▶ _Exercise details_: Nothing but the lines from the one including "吕晓俊和魏陆作为导师代表分别" through the last line of the entries, restated exactly, should appear in the answer; omit the pictures.

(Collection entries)
****************

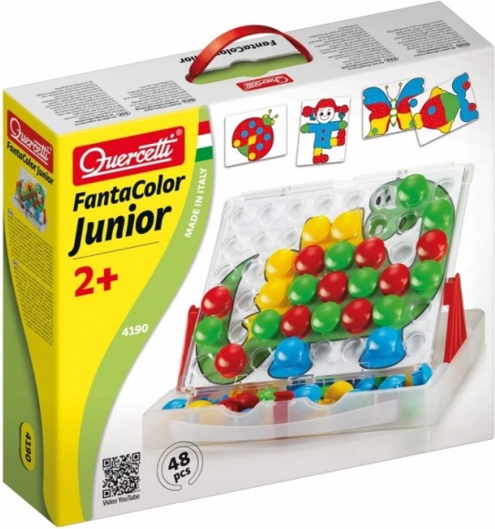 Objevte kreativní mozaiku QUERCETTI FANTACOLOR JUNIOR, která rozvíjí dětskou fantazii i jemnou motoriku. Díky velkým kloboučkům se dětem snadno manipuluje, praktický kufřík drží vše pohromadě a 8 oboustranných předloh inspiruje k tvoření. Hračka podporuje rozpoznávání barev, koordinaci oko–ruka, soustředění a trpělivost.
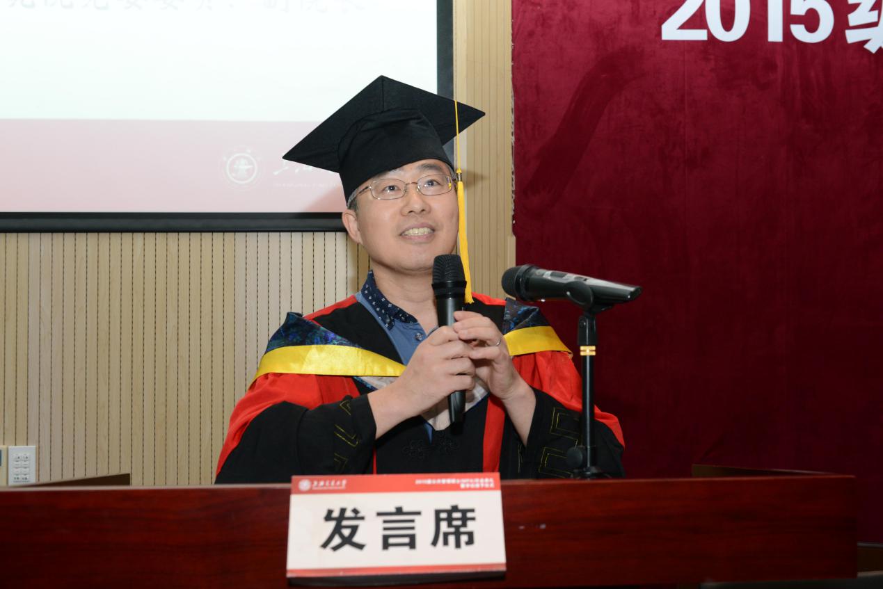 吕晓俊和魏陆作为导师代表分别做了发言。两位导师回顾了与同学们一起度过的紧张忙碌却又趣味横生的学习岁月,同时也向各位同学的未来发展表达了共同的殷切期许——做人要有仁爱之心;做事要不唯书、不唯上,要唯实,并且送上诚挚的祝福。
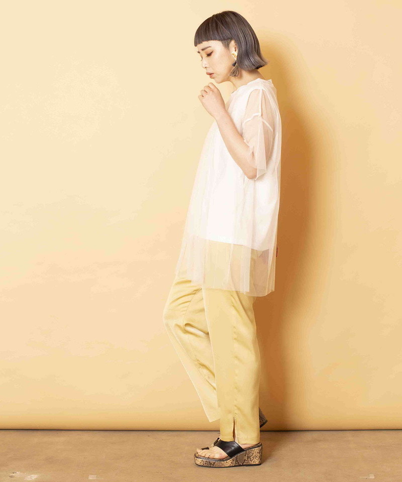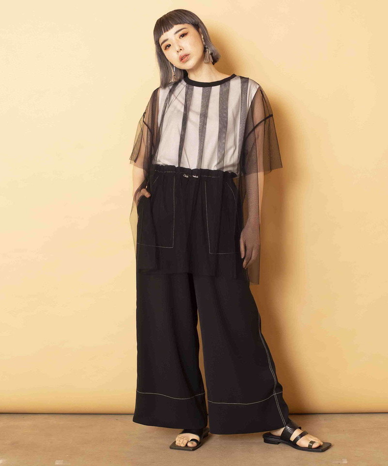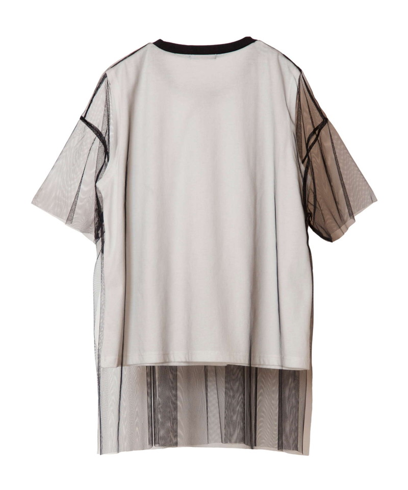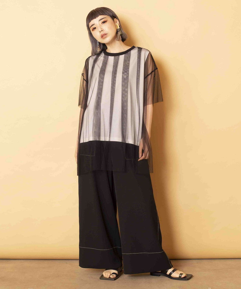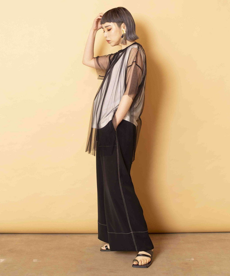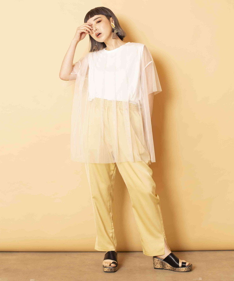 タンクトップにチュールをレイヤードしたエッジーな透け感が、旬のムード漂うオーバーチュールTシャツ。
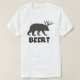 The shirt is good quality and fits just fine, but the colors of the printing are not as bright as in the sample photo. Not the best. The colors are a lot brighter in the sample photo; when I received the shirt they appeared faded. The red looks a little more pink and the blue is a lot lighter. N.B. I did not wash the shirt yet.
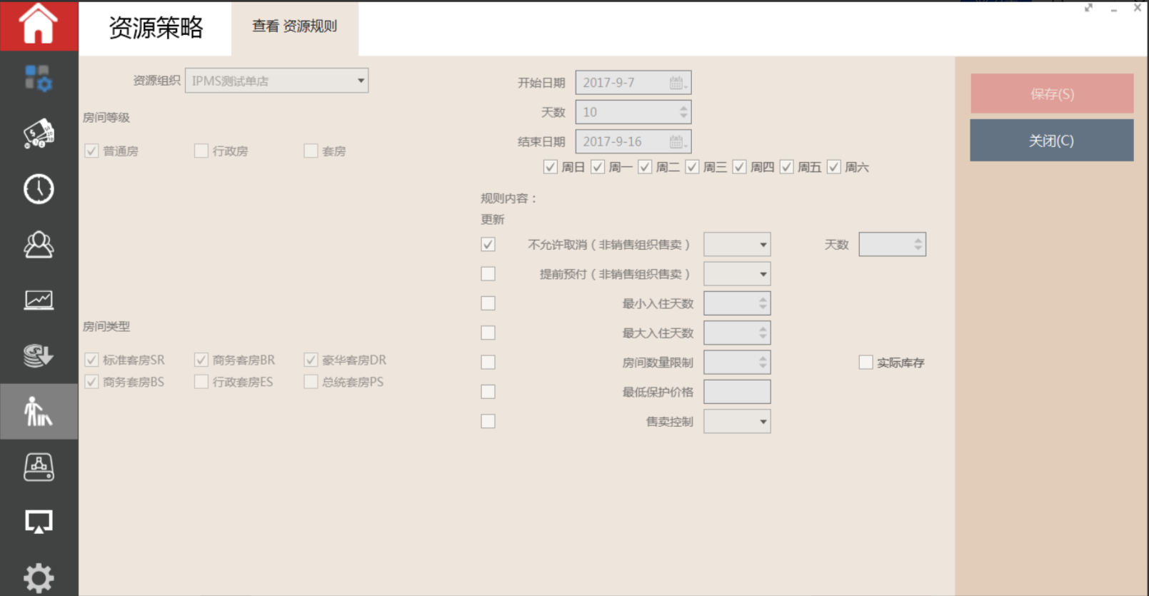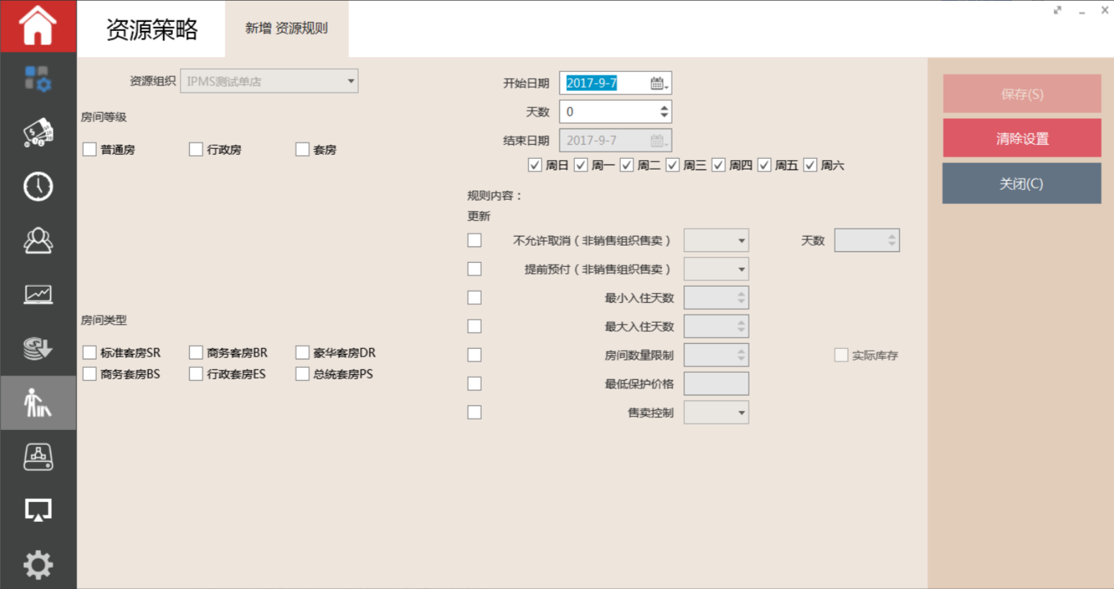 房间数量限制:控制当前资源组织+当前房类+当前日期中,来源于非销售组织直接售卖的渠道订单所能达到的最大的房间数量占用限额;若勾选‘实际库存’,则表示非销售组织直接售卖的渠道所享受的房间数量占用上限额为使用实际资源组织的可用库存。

****************

▶ _Response to this task_:
 吕晓俊和魏陆作为导师代表分别做了发言。两位导师回顾了与同学们一起度过的紧张忙碌却又趣味横生的学习岁月,同时也向各位同学的未来发展表达了共同的殷切期许——做人要有仁爱之心;做事要不唯书、不唯上,要唯实,并且送上诚挚的祝福。
 タンクトップにチュールをレイヤードしたエッジーな透け感が、旬のムード漂うオーバーチュールTシャツ。
 The shirt is good quality and fits just fine, but the colors of the printing are not as bright as in the sample photo. Not the best. The colors are a lot brighter in the sample photo; when I received the shirt they appeared faded. The red looks a little more pink and the blue is a lot lighter. N.B. I did not wash the shirt yet.
 房间数量限制:控制当前资源组织+当前房类+当前日期中,来源于非销售组织直接售卖的渠道订单所能达到的最大的房间数量占用限额;若勾选‘实际库存’,则表示非销售组织直接售卖的渠道所享受的房间数量占用上限额为使用实际资源组织的可用库存。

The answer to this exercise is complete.